The second option is for the party simply to be dissolved and for unionist conservatives to join their nationalist conservative confrères in the Scottish Nationalist Party to form a united bloc of sensible people in the party. The disadvantage of this option is that the center-left leadership of the SNP will have an obvious advantage in being able to shut out any former Tories from party positions. The anti-Tory cultural bias is so strong that expulsion may even be considered.
Still, if the SNP wants to be both the party of the Scottish people and the party of Scottish government it would be wise to fulfill two tasks: wooing Scottish Conservatives and reacting to the electorate’s reticence towards full independence. Despite the SNP having 47 seats in Holyrood to the Conservatives’ 17, the Scottish Conservatives are believed to have a larger membership than the Nationalists. Feet on the ground are one of the more important factors in winning elections, and the end of the Scottish Conservative Party could shift a great number of party activists into the SNP camp. On the second point, polls show the Scots voting down independence but being nonetheless dissatisfied with the state of the Union. Rather than the current process of revisiting which powers are “reserved” (kept in London) and which are “devolved” (decided at Holyrood) every few years, it might be better to seek a new concept of union altogether, with the preponderance of governmental power shifted from Whitehall to Belfast, Edinburgh, Cardiff, and English MPs voting on English affairs at Westminster (though some have suggested creating a new English parliament).
The danger here is that any significant reappraisal of the constitutional framework of the Union at this moment might result in any or all of the following: 1) even more power for the government; 2) a step towards the total dissolution of the Union; 3) republican moves towards the abolition of the monarchy. Unionist conservatives ought to oppose all three and nationalist conservatives should at least join in opposing further centralization and the abolition of the Crown, both of which would result in removing any checks on the power of Britain’s political class.

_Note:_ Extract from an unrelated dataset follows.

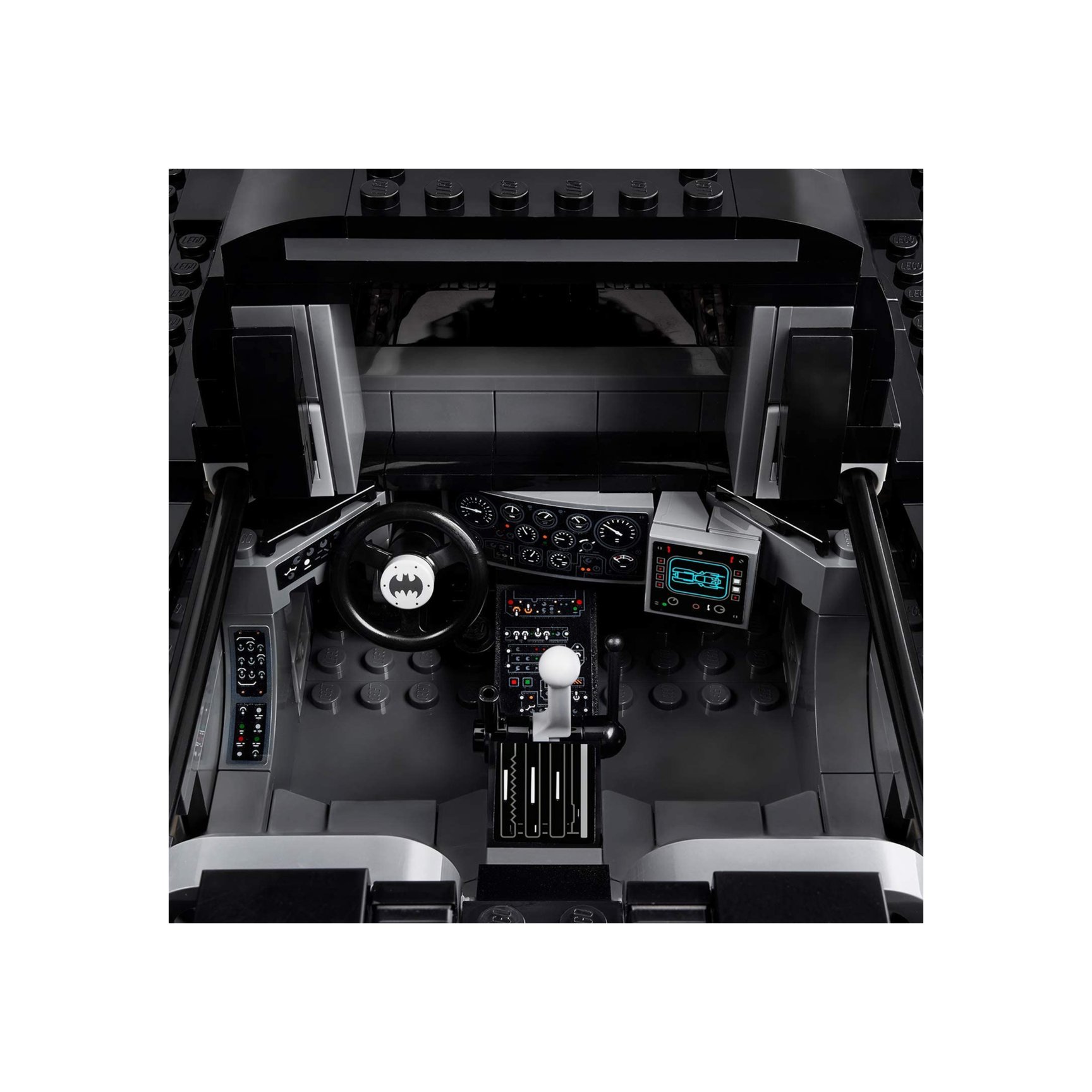 1989年のティム?バートン(Tim Burton)監督版の映画「バットマン(Batman)」に登場するバットモービルのレゴブロックです。もちろん、スライド開閉式のコックピットには付属フィギュアを搭乗させられます。お馴染みの隠しマシンガンの装備もばっちり。完成後、回転式のディスプレイスタンドに飾ってあらゆる方向から眺められます。ファン必携のアイテムですね。

Indeed, perhaps that is the cause around which conservatives of all stripes should unite: opposition to the political class which has seized control of almost all the major institutions of public life in Great Britain and which guards its power jealously. The current political class, which replaced a more multifaceted Establishment (consisting of the commercial class, aristocrats, bishops, do-gooding campaigners, skillful parliamentarians, trade unionists, and the British officer corps) consists almost wholly of boring people who are carbon copies of one another. The fact that no political party currently opposes this political class and its consensus is likely the reason why Britons are so apathetic and unlikely to vote in elections. Peter Hitchens has suggested the first thing that must happen for this situation to change is for the Conservative Party to self-destruct and cease to exist. There are still in Britain today many deeply-conservative people who nonetheless vote Labour (or Lib Dem or SNP) because they feel culturally obliged to, or because they have inherited the bias against the Conservatives. Hitchens posits that the existence of the Conservative Party and the cultural hatred of it are the only factors which keep Labour going as a single party. If the Conservatives collapse, then Labour is soon to follow it (in this hypothesis) and once these two deep-seated “brands” are destroyed, there is finally the possibility of a truly conservative political force emerging; union-wide, not just in Scotland.